Text classification notebook is broken

Open imvaibhav28 opened this issue 5 months ago • 0 comments

Notebook shown here
Loading a model in 4 bit

model_name = "unsloth/Qwen3-4B-Base";load_in_4bit = True

And removing the lm_head fro target mods as was getting error # AssertionError: Backwards requires embeddings to be bf16 or fp16

model = FastLanguageModel.get_peft_model(
    model,
    r = 16,
    target_modules = [
        # "lm_head", # can easily be trained because it now has a small size
        "q_proj", "k_proj", "v_proj", "o_proj",
        "gate_proj", "up_proj", "down_proj",],
    lora_alpha = 16,
    lora_dropout = 0, # Supports any, but = 0 is optimized
    bias = "none",    # Supports any, but = "none" is optimized
    use_gradient_checkpointing = "unsloth",
    random_state = 3407,
    use_rslora = True,  # We support rank stabilized LoRA
    # init_lora_weights = 'loftq',
    # loftq_config = LoftQConfig(loftq_bits = 4, loftq_iter = 1), # And LoftQ
)
print("trainable parameters:", sum(p.numel() for p in model.parameters() if p.requires_grad))
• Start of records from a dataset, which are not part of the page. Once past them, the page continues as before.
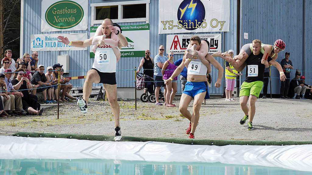 شارك نحو 50 زوجا وزوجة فى سباق فريد يعتمد على قدرة الزوج فى حمل الزوجة والجري والخوض بها عوائق مائية، وقد تخللت البطولة التي أقيمت فى فلندا سباقات حمل الزوجات وأكثر الزوجات أناقة ومسابقة أقوي رجل وسباق السرعة .
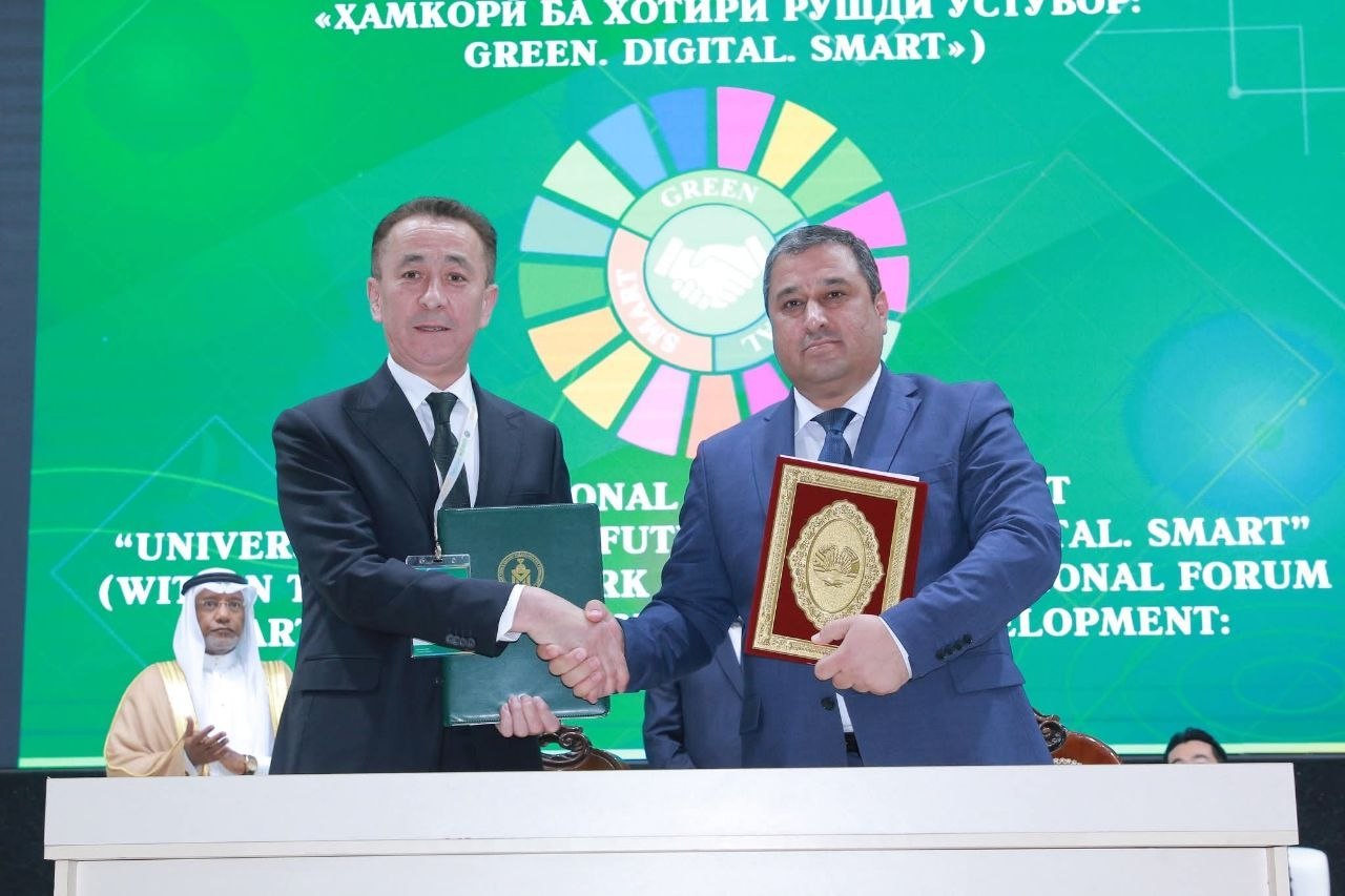 Имрӯз дар доираи ҳамоиши Форуми байналмилалии «Ҳамкорӣ ба хотири рушди устувор: Сабз. Рақамӣ. Ҳушманд» Қурбонзода Маҳмадалӣ Раҳмат, ректори Донишгоҳи давлатии Бохтар ба номи Носири Хусрав ёддошти тафоҳуми ҳамкорӣ байни Донишгоҳи миллии омӯзгории занонаи Қазоқистон ба имзо расонида шуд, ки заминаи мусоидро барои густариши ҳамкориҳои илмӣ ва академӣ фароҳам меорад.
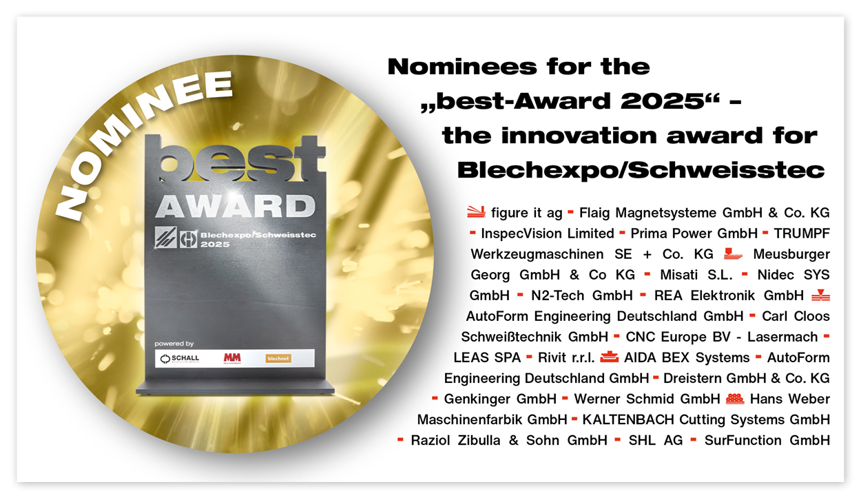 - Exclusive visibility: winners and finalists will be prominently presented as part of the international trade fair duo Blechexpo/Schweisstec 2025.
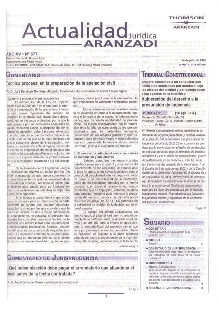 Aranzadi (Julio 2005). Aurora Escrivá Signes y Jose Domingo Monforte , director de Domingo Monforte Abogados Asociados. Abogados especializados en Derecho Civil y Patrimonial. Despacho en Valencia.

Training goes fine but # Update the model's lm_head weight and bias throws an error AttributeError: 'Linear' object has no attribute 'modules_to_save' which I'm guessing is because I removed lm_head layer from training so commented the below line

# Update the model's lm_head weight and bias
with torch.no_grad():
    new_lm_head_module = torch.nn.Linear(hidden_dim, old_size, bias=True, device=model.device)
    new_lm_head_module.weight.data.copy_(new_lm_head)
    new_lm_head_module.bias.data.copy_(new_lm_head_bias)
    # model.lm_head.modules_to_save["default"] = new_lm_head_module

While doing batch inference

On line: pred = torch.argmax(probs).cpu().item() Error:

RuntimeError                              Traceback (most recent call last)
[/tmp/ipython-input-18-62861118.py](https://localhost:8080/#) in <cell line: 0>()
     32        probs_all = F.softmax(last_logits, dim=-1)
     33        probs = probs_all[number_token_ids] # only keep the logits for the number tokens
---> 34        pred = torch.argmax(probs).cpu().item()
     35 
     36        true_label = row['label']

RuntimeError: CUDA error: device-side assert triggered
CUDA kernel errors might be asynchronously reported at some other API call, so the stacktrace below might be incorrect.
For debugging consider passing CUDA_LAUNCH_BLOCKING=1
Compile with `TORCH_USE_CUDA_DSA` to enable device-side assertions.

I'm not sure what's going wrong here as my dataset is of same format (text and label columns) with labels -> [1,2,3]

Jul 21 '25 01:07 imvaibhav28